As a clinician and teacher, Conor Ward’s contributions to UCD, Ireland and the wider world have been outstanding. He is internationally recognised for his work on identifying a disorder of electrical conductance in the heart, that can lead to irregularities of the heartbeat and sudden death. The international medical community acknowledged his pioneering work by attaching his name to this condition which is now called Ward- Romano syndrome.

As the first pediatric cardiologist in Ireland and one of the first internationally he spearheaded the development of cardiology and cardiac surgery services for children in Ireland.  At that time children with what would now be considered relatively minor cardiac abnormalities frequently died because of failure to diagnose their condition and even when diagnosed the absence of any capacity to repair the defect.  Conor being a superb diagnostician immediately solved the first problem, identifying cardiac defects in ill babies.  His challenge however was to build a system that could repair these anomalies in the architecture of the child's heart.  There was little experience of operating on the heart and in children with their tiny hearts and often complex structural defects proposing surgical intervention seemed to many to be science fiction.

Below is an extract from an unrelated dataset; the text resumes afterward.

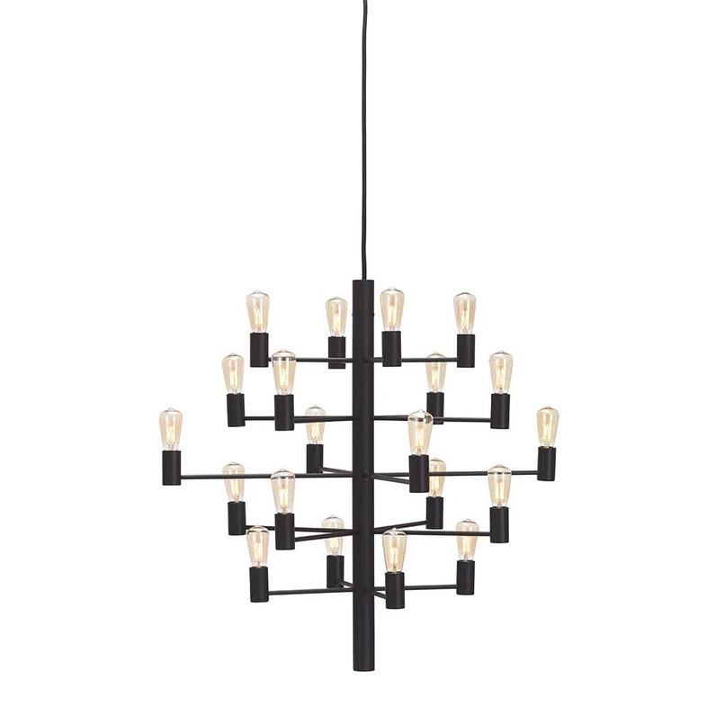 Manola 20 Lysekrone Sort Dæmpbar LED er en utrolig smuk lysekrone med moderne træk. Den helt fantastiske lille serie af lysekroner bærer de samme luksuriøse designkarakteristika. Et råt, industrielt design med blottede lyskilder siddende på smukke, slanke arme udført i metal. En lysekrone, hvor der er skåret ind til benet rent udtryksmæssigt for at sikre et stilrent look, der både vil holde i mange år, og som passer ind de fleste steder, der indbyder til en lysekrone. Den kan med fordel kombineres med et virvar af forskellige dekorationspærer, der vil komplimentere det lidt nøgne industrielle look rigtigt fint.

The scope of this citation does not allow for adequate representation of the role he played in establishing cardiology and cardiac surgery service for children in Ireland.  It is important to note that this became a family endeavor. Conors wife Pauline, who is with us here today was a skilled nurse.  Conor recruited her to care for these critically sick children following their surgery in Crumlin.  This was pioneering work, demanding that he and Pauline spend many of their waking hours at the hospital.  His leadership resulted in cardiac services for children in Ireland becoming equal to or better than those which pertained in any other country.  He demanded excellence from everybody involved which he saw as imperative in terms of what children and their families should expect from those who cared for them.  There are  centres internationally who could have avoided subsequent well-publicised calamities relating to children with heart defects if they were led by somebody with his commitment to excellence, even when demanding it resulted in unpopularity.

Conor Ward the carer and Conor Ward the teacher are inextricably intertwined.

I was not a graduate of UCD and when following Conor’s retirement I was appointed as professor of pediatrics at UCD and Crumlin I sought opinions on the department from UCD graduates who I had known over many years working in Canada.  The consistency of their response was remarkable in relation to the inspirational effect Conor had through his teaching and especially their observing his caring for children and their Parents.

He championed the cause of children and families who had conditions that were often misunderstood by society, Down’s syndrome and Sudden Infant Death.  His care for children with Down’s syndrome resulted in him receiving lifetime service awards from the Down’s syndrome Associations in Ireland and the UK.  Through his research and writing, (including a PhD undertaken after his retirement) he is identified as the preeminent authority on the life of John Langdon Down who described the syndrome.

His work with families following Sudden Infant has resulted in a much better understanding of the importance of ongoing support for these families long after the tragic event.

Conor Ward, Irish scholar, skilled and caring paediatrician, irrepressible advocate for sick children and their parents, inspirational teacher, we salute you in your 93rd year.

 

Praehonorabilis Praeses, totaque Universitas, 

Praesento vobis hunc meum filium, quem scio tam moribus quam doctrina habilem et idoneum esse qui admittatur, honoris causa, ad Gradum Doctoratus Scientiae; idque tibi fide mea testor ac spondeo, totique Academiae.